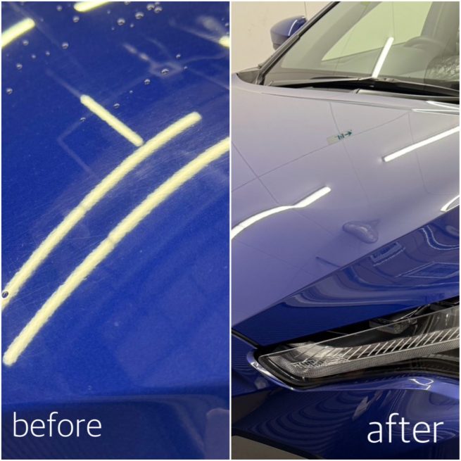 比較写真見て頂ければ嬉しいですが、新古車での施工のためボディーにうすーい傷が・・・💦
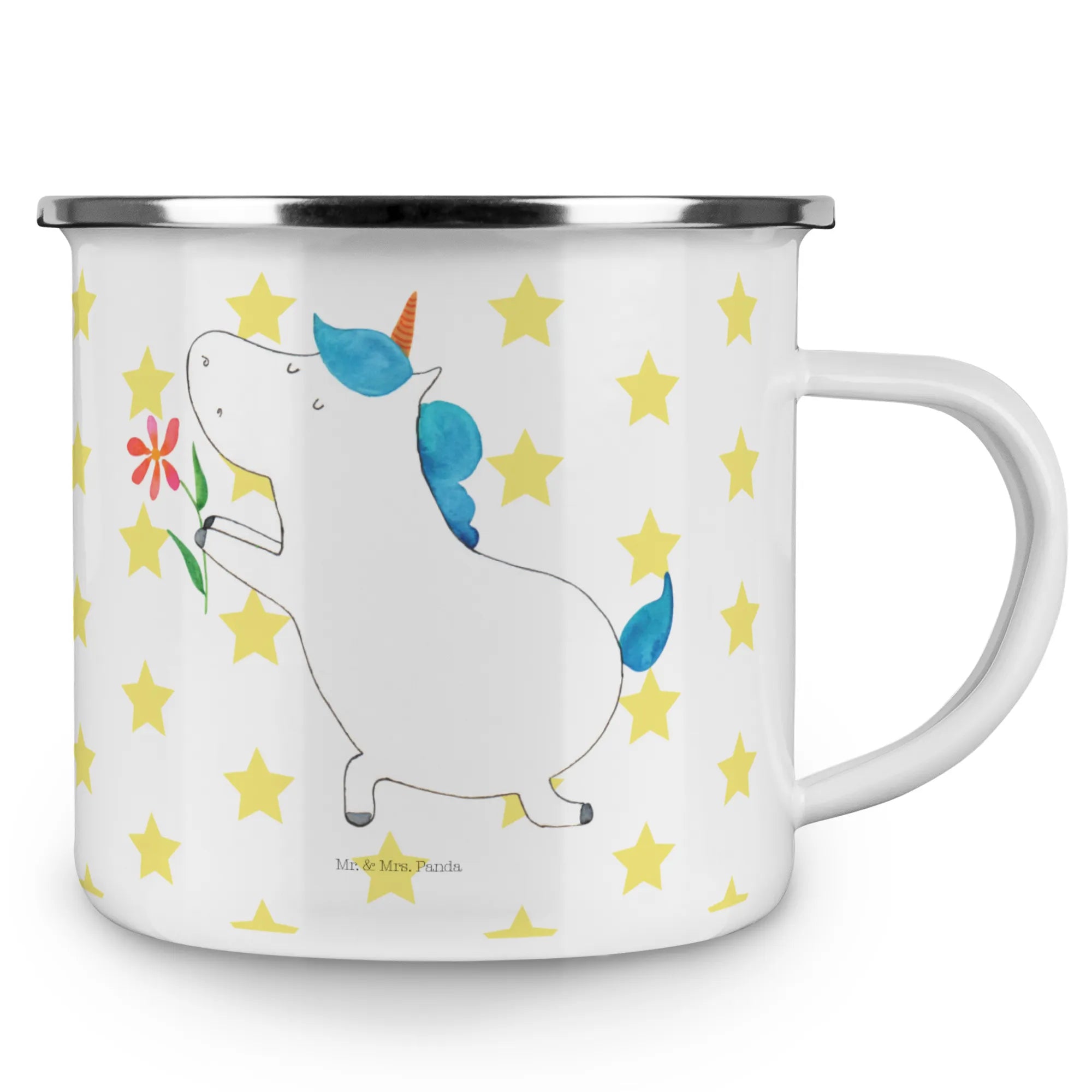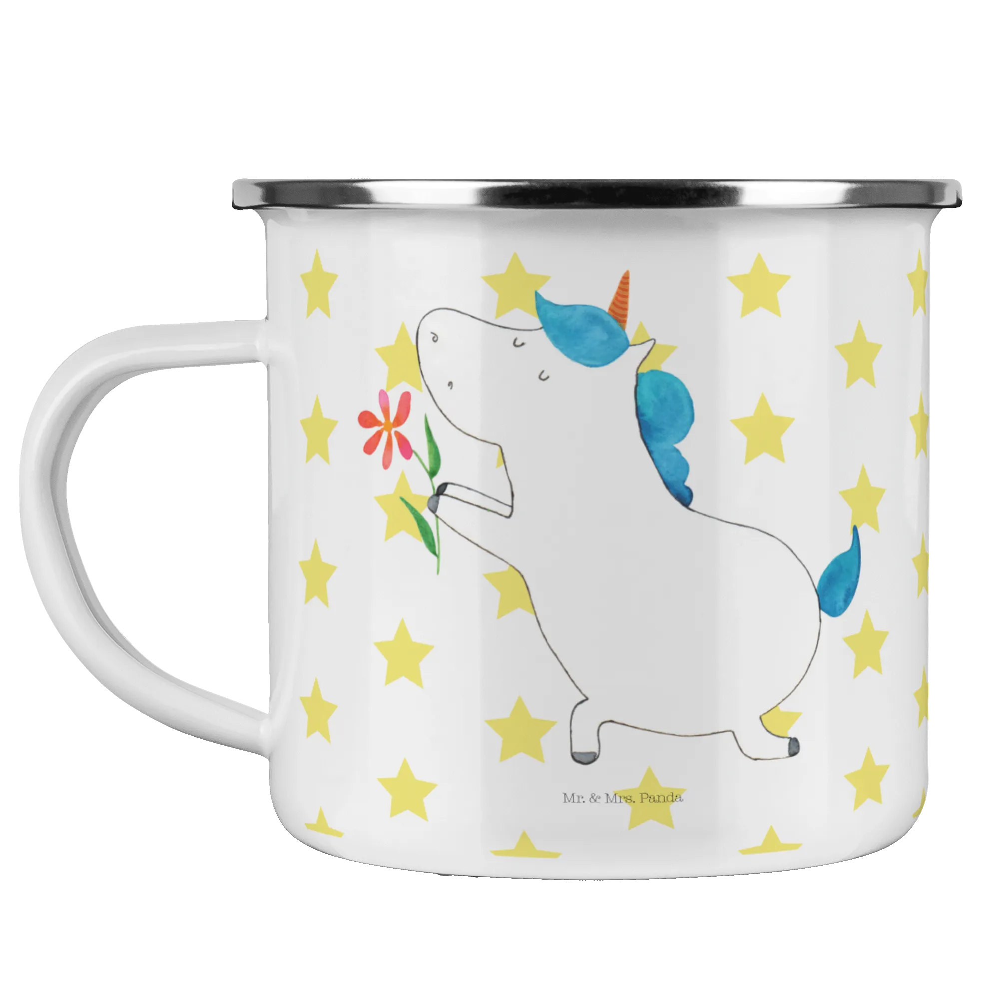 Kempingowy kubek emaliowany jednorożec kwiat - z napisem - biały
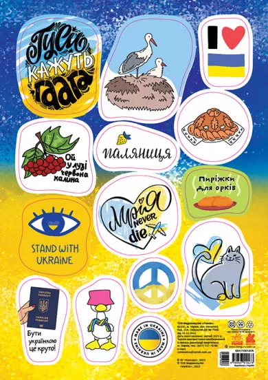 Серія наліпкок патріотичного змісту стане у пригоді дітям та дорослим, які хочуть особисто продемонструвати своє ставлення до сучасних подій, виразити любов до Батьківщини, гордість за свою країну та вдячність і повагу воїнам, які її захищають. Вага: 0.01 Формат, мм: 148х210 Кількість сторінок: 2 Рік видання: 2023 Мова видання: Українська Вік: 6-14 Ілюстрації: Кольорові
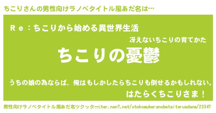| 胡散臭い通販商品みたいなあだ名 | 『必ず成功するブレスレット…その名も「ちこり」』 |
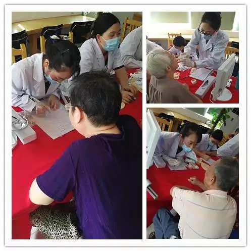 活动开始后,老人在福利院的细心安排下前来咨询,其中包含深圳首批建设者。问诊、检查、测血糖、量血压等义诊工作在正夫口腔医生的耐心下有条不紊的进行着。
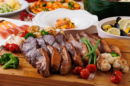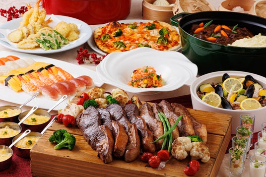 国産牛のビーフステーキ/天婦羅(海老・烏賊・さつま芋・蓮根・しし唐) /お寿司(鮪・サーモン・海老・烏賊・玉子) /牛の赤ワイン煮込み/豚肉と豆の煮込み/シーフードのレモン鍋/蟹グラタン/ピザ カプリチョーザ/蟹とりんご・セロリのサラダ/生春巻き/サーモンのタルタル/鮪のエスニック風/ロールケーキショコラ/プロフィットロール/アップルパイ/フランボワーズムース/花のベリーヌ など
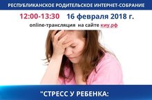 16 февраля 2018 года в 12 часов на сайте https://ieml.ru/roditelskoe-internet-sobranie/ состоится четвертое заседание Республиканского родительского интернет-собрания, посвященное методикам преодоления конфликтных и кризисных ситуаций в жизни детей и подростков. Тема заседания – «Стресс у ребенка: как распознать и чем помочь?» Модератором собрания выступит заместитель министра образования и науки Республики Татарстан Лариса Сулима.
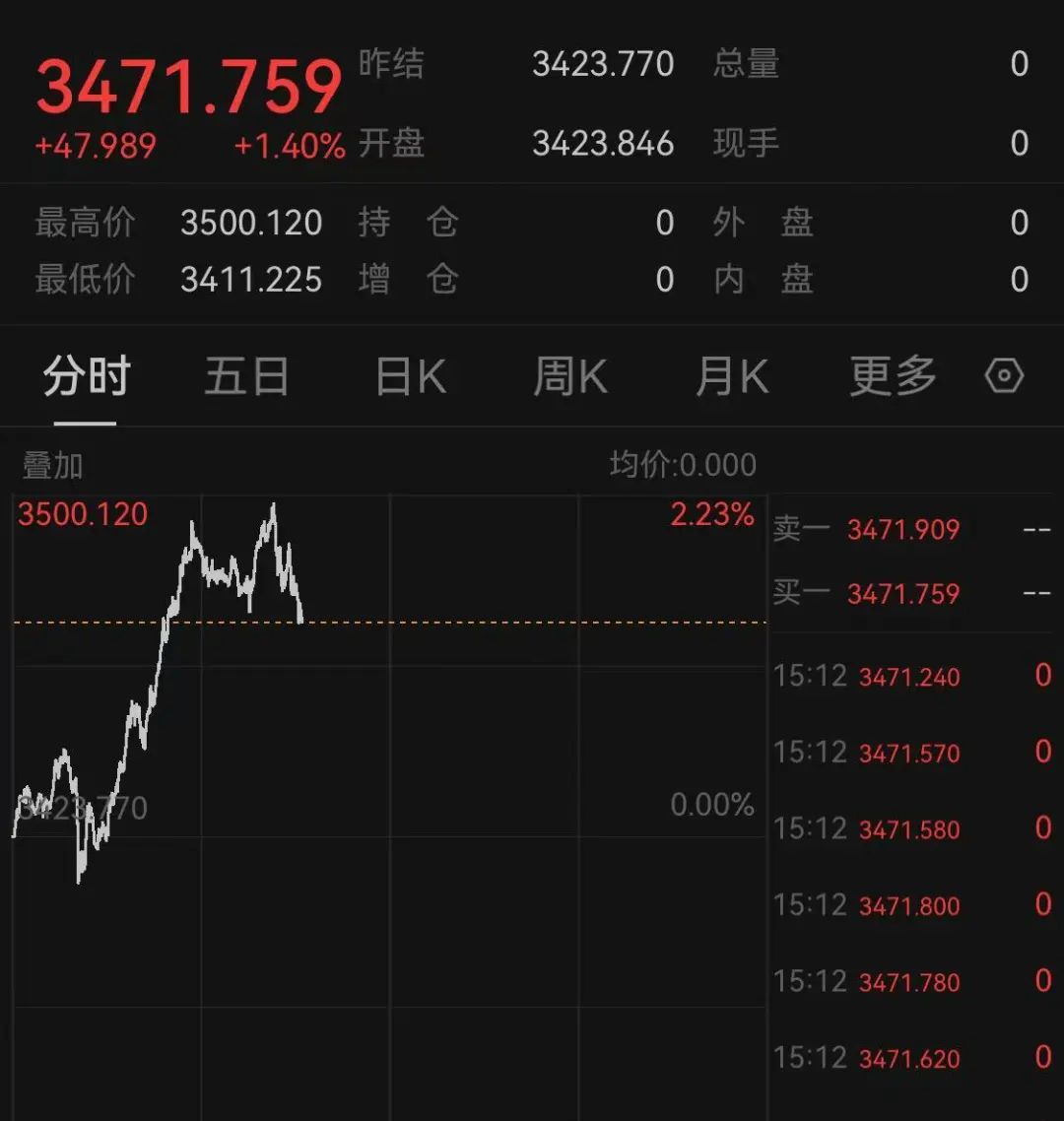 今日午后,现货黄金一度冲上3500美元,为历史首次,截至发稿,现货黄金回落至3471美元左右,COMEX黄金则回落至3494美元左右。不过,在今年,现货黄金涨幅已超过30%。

What the task asks:
Take the listing and print it again exactly, but without any pictures.

Task answer:
 比較写真見て頂ければ嬉しいですが、新古車での施工のためボディーにうすーい傷が・・・💦
 Kempingowy kubek emaliowany jednorożec kwiat - z napisem - biały
 Серія наліпкок патріотичного змісту стане у пригоді дітям та дорослим, які хочуть особисто продемонструвати своє ставлення до сучасних подій, виразити любов до Батьківщини, гордість за свою країну та вдячність і повагу воїнам, які її захищають. Вага: 0.01 Формат, мм: 148х210 Кількість сторінок: 2 Рік видання: 2023 Мова видання: Українська Вік: 6-14 Ілюстрації: Кольорові
| 胡散臭い通販商品みたいなあだ名 | 『必ず成功するブレスレット…その名も「ちこり」』 |
 活动开始后,老人在福利院的细心安排下前来咨询,其中包含深圳首批建设者。问诊、检查、测血糖、量血压等义诊工作在正夫口腔医生的耐心下有条不紊的进行着。
 国産牛のビーフステーキ/天婦羅(海老・烏賊・さつま芋・蓮根・しし唐) /お寿司(鮪・サーモン・海老・烏賊・玉子) /牛の赤ワイン煮込み/豚肉と豆の煮込み/シーフードのレモン鍋/蟹グラタン/ピザ カプリチョーザ/蟹とりんご・セロリのサラダ/生春巻き/サーモンのタルタル/鮪のエスニック風/ロールケーキショコラ/プロフィットロール/アップルパイ/フランボワーズムース/花のベリーヌ など
 16 февраля 2018 года в 12 часов на сайте https://ieml.ru/roditelskoe-internet-sobranie/ состоится четвертое заседание Республиканского родительского интернет-собрания, посвященное методикам преодоления конфликтных и кризисных ситуаций в жизни детей и подростков. Тема заседания – «Стресс у ребенка: как распознать и чем помочь?» Модератором собрания выступит заместитель министра образования и науки Республики Татарстан Лариса Сулима.
 今日午后,现货黄金一度冲上3500美元,为历史首次,截至发稿,现货黄金回落至3471美元左右,COMEX黄金则回落至3494美元左右。不过,在今年,现货黄金涨幅已超过30%。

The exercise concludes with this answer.